Despite the current market turn, make no mistake: millions of Americans still want to purchase a home.  Across all demographics – from first-time buyers to investors to business relocation clients – agents should remain poised to assertively engage all parties in order to obtain the best possible deal for their clients.

But at what point does that respectful assertiveness become an unwelcome aggressiveness, producing nothing more than irritation and exasperation?   The concept of a “hard sell” has merit, but not in the context of belligerence or antagonism.  Most consumers long to be treated with respect, like real people, and buying a home can be a stressful, emotional process.  Tensions can run high at times, especially during moments of decision, where the consequences of ill-informed mistakes can exceed hundreds of thousands of dollars.  In these moments, the Area Market Specialist, fully-trained in professional seller agency, can swiftly execute a plan and maintain composure, resisting the temptation to allow goodwill to take a backseat to impatience and frustration. 

Resist the Gab

As supply rises and agents begin to feel the squeeze, The Seller Agency Council offers some fundamental advice. Deny the urge to dominate the conversation when showing a home.  Give your prospects the time and freedom to explore and discover every nook and cranny of each home on their own.  Most people like to “try on” a house, imagining themselves snuggling by the fire on a cold snowy night to wondering how the furniture might be best-configured for maximum space and movement.  Hasty agents may unknowingly impede that crucial mental process by following their clients around, constantly pointing out improvements or “special features”.  In fact, that proximity may backfire, causing them to overlook the singular feature that could very well sell the home.  Offer space, and your clients won’t feel the need to yank that monkey off their back.

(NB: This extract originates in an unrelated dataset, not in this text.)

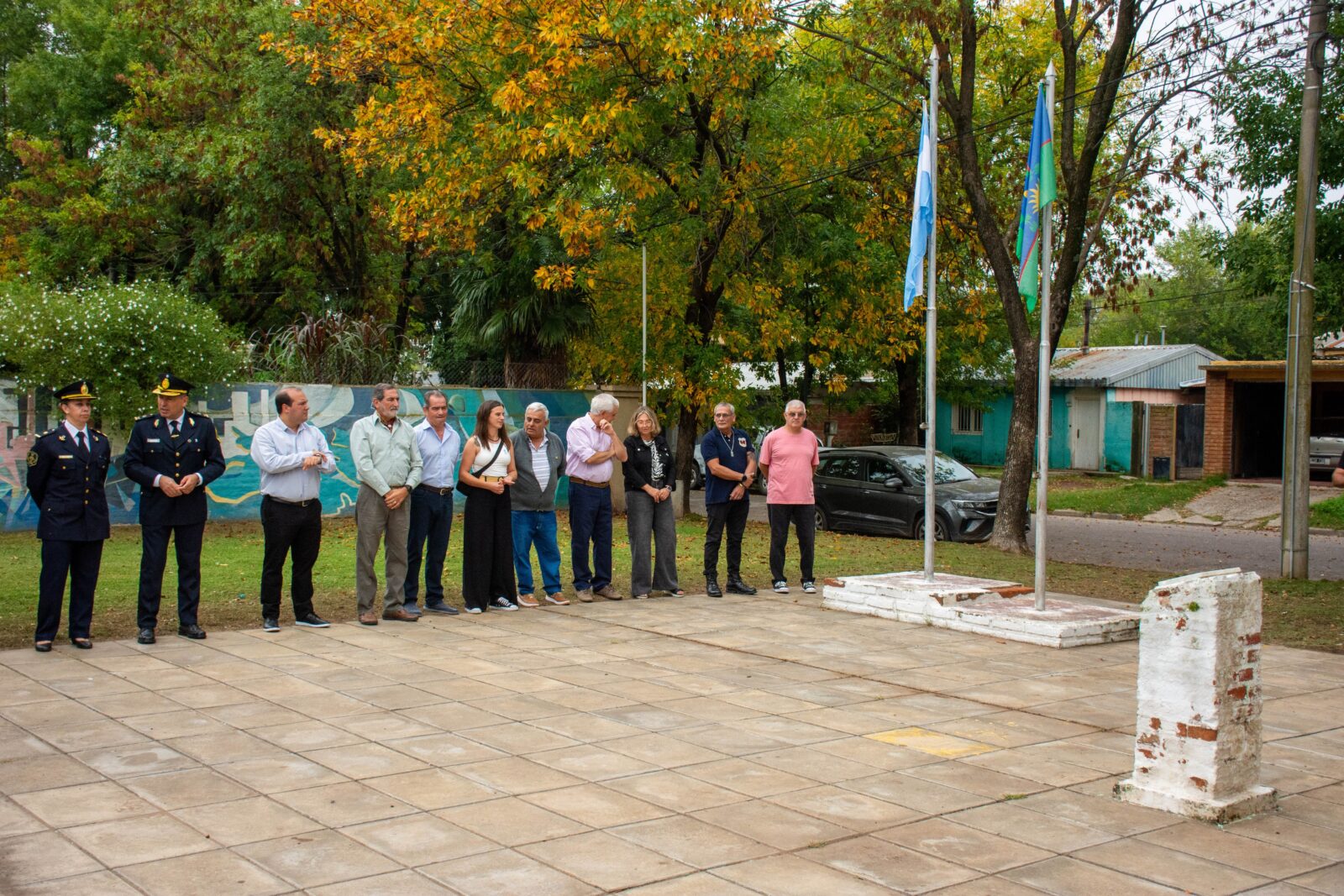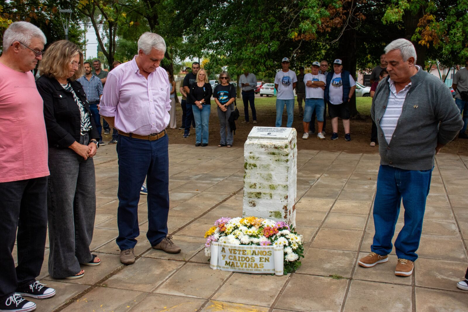 El acto central se cumplió en el Monumento a los Veteranos y Caídos, ubicado en el ingreso a la Ampliación Urbana, con la participación de autoridades, veteranos, instituciones y vecinos de la comunidad.

The agent’s primary role during the showing is to rapidly strengthen and codify the relationship with each buyer, clearly determining needs and desires.  Armed with that knowledge, an agent can spotlight the attractive features matching those desires, rather than deluging clients with hordes of information that only serves to distract them.  Push for the close too early, and the ship may sail.  For the most part, buyers are more informed and empowered than ever before, so they know what they are looking for.  Open a genuine dialogue with probing, pre-closing questions like:

  • Will this home work for you?
  • Is this property what you had in mind?
  • Is this house like what you have now?
  • What do you least like in your current home?
  • What is the most important thing you are looking for in a new home?

Closing with Candor & Respect

As agents proceed to secure a buyer’s commitment, questions like these will bring the slowly massage the central issues into the forefront.  After asking a question, remember to wait for the answer.  Active listening is the most effective closing strategy in the history of salesmanship.  The non-stop sales pitch, chatter and closed-ended questions that drive clients toward a decision, on the other hand, will consistently undermine any remaining sales potential.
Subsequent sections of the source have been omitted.